Perfect graph
- Triangulated graphs
- Bipartite graphs
- Complete graph
- Co - graph
- Vergleichbarkeitsgraphen
In graph theory, a graph is called perfect if for every induced subgraph that its clique number coincides with its chromatic number. An induced subgraph of a graph consists of a subset of the nodes and all incident edges.

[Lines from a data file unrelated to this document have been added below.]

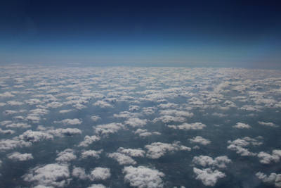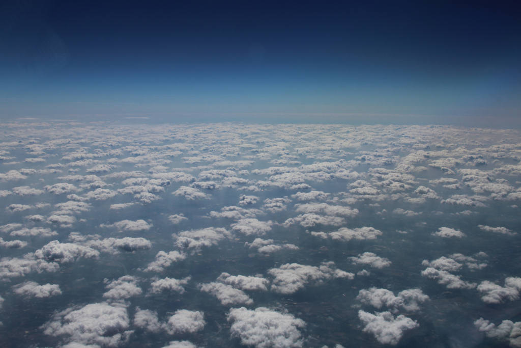 Foto: Cumuluswolken boven Nederland van bovenaf, hier zonder straatvorming
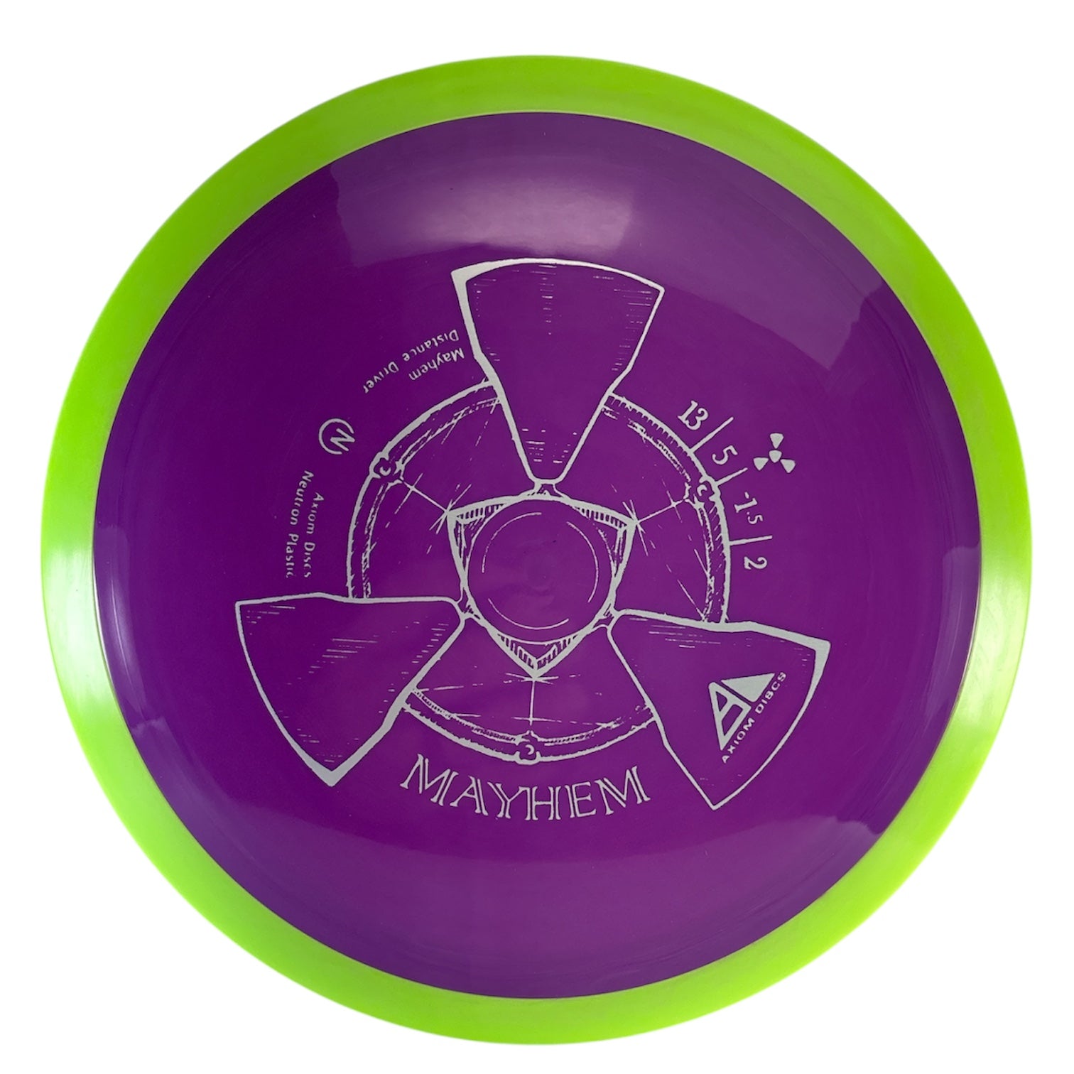 Mayhem has a responsive straight-stable profile and plenty of speed, making it a perfect workhorse driver for many advanced and expert throwers. Like the MVP 23mm class, the Mayhem has a pronounced dome to promote distance-covering glide. Mayhem is best compared to a beat MVP Octane.
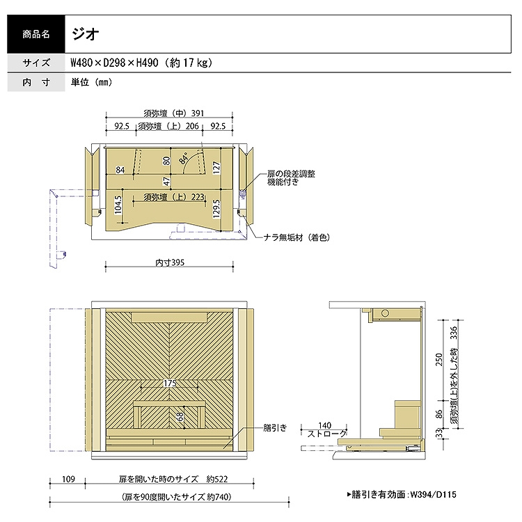 | 商品説明 | 【商品コード:2533】 ■材質詳細 ・材質/ナラ、ホワイトオーク ・仕上/ウレタン塗装 ・照明/LED ・仕様/須弥壇の取り外し可能、マグネットヒンジ(PAT.)使用、ストレートヒンジ使用 ■宗派 どの宗派でもお使いいただけます。 ■備考 ・掲載写真の仏具などの組み合わせは一例で別売りとなります。 おしゃれな矢張りの扉は開けるとサイドにすっきりと収まり省スペースです。 |
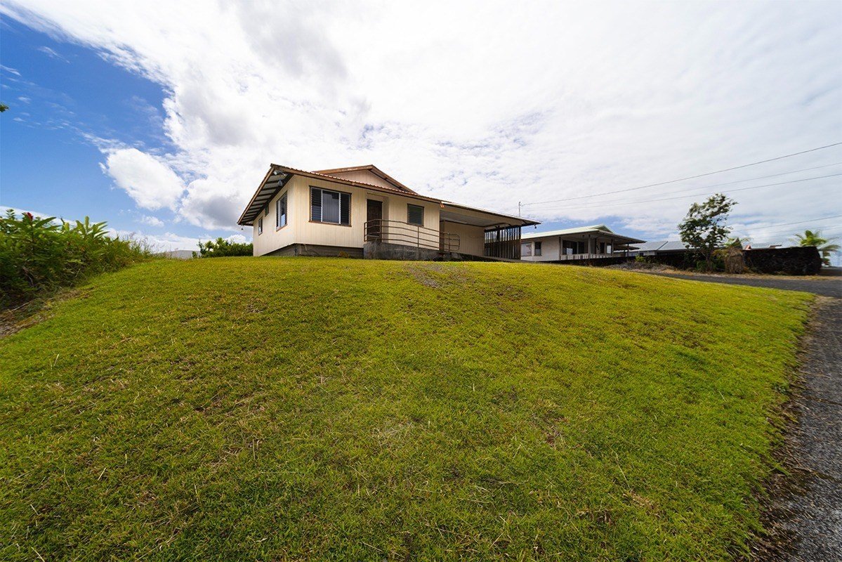 Location of this house is prime! Great neighborhood! quiet and private deadend/culdesac road. And house sits on a beautiful high lot! But . . . is a complete fixer. .. . roof, gutters, flooring, cabinets. etc. need replacing. Nice floor plan which flows from kitchen to dining to living room. Huge master bedroom w/full bath and 2 closets (one walk-in closet and one other), and built-in cabinets/vanity, and ample storage. Very distant ocean views on a clear day. Another bedroom was added on next to laundry room (w/permits) so carport is smaller than it originally was. One car can fit and the other will be half in the carport. Nice back yard with a variety of citrus fruit trees - Okinawan tangerine, tangelo, lemon, and a lilikoi vine. This house can be made beautiful again as it sits very high on the lot!
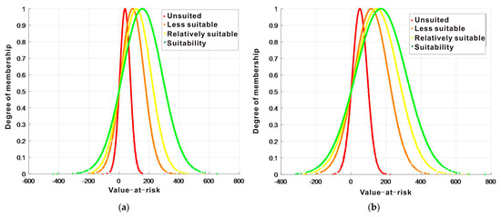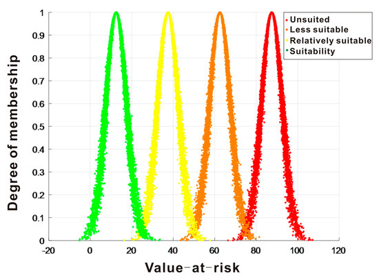We initially develop a common assessment cloud before performing engineering, geological environment, and construction suitability evaluation. In accordance with the Xiongan New Area’s established engineering, geological, and construction suitability evaluation system (Table 2), the new area’s suitability evaluation grades are separated into four categories: suitable, more suitable, generally appropriate, and poorly suitable. The equivalent value range is set to [0, 100], with [0, 25) denoting the area that is most suitable, [25, 50) the area that is more suitable, [50, 75) the area that is generally suitable, and [75, 100] the area that is least suitable. Higher scores indicate a worse fit, whereas lower scores indicate greater suitability. The standard evaluation cloud model is then produced using the cloud model’s inverse cloud generator (Figure 6). To ascertain the level of construction suitability for the project, the final results of the construction suitability evaluation are compared and examined. Table 4 displays the numerical properties of the derived standard cloud model.
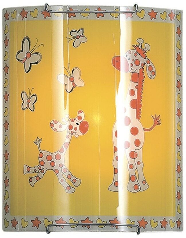 Бра сделает более уютной зону отдыха в комнате ребенка. Расположенный над кроватью светильник обеспечит комфортные условия для чтения или просмотра мультфильмов на планшете. Дополнительное удобство создает выключатель в виде цепочки: достаточно потянуть за нее, чтобы загорелся свет. Стеклянный рассеиватель имеет форму слегка изогнутого прямоугольника, зафиксированного хромированной арматурой. Декор создан с расчетом на детское восприятие: на ярком желтом фоне изображены веселые и порхающие бабочки.

In a perfect graph chromatic number, clique number and stability number can be computed in polynomial time, the calculation of general graphs is NP -complete. It can be determined in polynomial time whether a graph is perfect. Examples of perfect graphs are bipartite graphs, line graphs of bipartite graphs and their complements. They form the basis for the strong perfect graph theorem and therefore in this context as simple perfect graphs (english basic) respectively. Other examples of perfect graphs are triangulated graphs and chordal bipartite graphs.
According to the theorem on perfect graphs, the following are equivalent:
The second characteristic is known as a weak perfect graph theorem was proved in 1972 by László Lovász and is therefore now set called Lovász. The third characteristic is also known as a strong theorem on perfect graphs, and has been proved only in May 2002. Both statements were ( was at a conference in Halle- Wittenberg published his conjecture in 1963 ) in 1960 by Claude mountains positioned than conjecture.